Delete `build_narrow_context`, `process_query`, and `process_batch` — the old uncalibrated pipeline that is no longer called. The CLI exclusively uses `prescore_batch` + `score_calibrated_batch`. Also remove unused `info` import and clean up the stale module-level doc comment.

Delete ToleranceHierarchy struct and inline its prescore/secondary fields directly onto Scorer as broad_tolerance and secondary_tolerance. The tertiary_tolerance() method is inlined at its single call site. Update all re-exports, consumer function signatures, and construction sites.

…ult types

Ports SearchResultBuilder → ScoredCandidateBuilder in results.rs using the new ScoringFields field names and [f32; N] arrays for per-ion data. Updates finalize_results in pipeline.rs to use the new builder and return Result<ScoredCandidate, DataProcessingError>. Callers (Task 5) still expect IonSearchResults; those mismatches are intentional intermediate state.

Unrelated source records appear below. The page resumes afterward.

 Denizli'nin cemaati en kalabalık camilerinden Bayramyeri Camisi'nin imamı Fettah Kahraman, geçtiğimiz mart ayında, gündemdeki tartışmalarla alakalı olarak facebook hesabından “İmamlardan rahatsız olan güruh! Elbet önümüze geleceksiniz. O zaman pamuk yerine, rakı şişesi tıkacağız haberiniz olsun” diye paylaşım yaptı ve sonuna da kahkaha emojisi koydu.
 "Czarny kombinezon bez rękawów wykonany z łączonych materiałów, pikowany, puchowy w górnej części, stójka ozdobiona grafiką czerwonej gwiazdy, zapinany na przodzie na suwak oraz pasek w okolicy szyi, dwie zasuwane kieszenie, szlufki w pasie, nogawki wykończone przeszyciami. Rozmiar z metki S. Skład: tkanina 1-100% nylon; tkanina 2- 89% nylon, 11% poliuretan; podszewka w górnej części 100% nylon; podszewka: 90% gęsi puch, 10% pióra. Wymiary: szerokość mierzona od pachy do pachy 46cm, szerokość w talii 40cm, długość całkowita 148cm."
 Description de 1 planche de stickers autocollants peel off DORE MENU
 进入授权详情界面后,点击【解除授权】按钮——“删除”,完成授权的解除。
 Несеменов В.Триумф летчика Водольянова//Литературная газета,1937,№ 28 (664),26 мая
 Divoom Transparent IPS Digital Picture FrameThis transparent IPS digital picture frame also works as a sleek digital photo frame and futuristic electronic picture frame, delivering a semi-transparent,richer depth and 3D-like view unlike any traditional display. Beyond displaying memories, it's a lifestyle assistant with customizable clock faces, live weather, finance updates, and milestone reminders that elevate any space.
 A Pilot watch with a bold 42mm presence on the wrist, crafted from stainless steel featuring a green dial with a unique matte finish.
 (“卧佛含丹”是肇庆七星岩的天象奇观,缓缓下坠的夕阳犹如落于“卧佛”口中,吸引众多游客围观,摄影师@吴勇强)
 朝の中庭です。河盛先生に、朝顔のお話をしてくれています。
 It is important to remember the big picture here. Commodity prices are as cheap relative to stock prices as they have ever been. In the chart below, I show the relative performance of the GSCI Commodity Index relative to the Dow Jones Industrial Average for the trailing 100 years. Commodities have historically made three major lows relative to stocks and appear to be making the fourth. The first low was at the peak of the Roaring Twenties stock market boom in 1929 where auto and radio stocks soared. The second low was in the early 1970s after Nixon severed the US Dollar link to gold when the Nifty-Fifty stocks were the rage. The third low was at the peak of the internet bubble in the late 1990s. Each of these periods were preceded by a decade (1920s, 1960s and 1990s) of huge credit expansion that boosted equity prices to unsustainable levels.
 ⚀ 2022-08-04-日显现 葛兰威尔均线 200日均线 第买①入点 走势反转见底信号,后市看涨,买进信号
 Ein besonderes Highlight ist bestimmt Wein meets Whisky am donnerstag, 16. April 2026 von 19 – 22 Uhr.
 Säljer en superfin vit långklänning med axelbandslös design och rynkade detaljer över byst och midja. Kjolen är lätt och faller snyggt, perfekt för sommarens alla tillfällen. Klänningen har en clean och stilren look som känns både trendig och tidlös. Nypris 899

Replace all IonSearchResults references with ScoredCandidate in the accumulator, score_calibrated_extraction, score_calibrated_batch, and FullQueryResult. The pipeline now produces ScoredCandidate throughout; CLI callers in processing.rs will be updated in Task 6.

…→ FinalResult)

…erive Delete search_results.rs entirely and remove all references to IonSearchResults and SearchResultBuilder across the codebase. All consumers now use the new ScoredCandidate/CompetedCandidate/FinalResult types. Drop the parquet_derive dependency since the derive macro is no longer used.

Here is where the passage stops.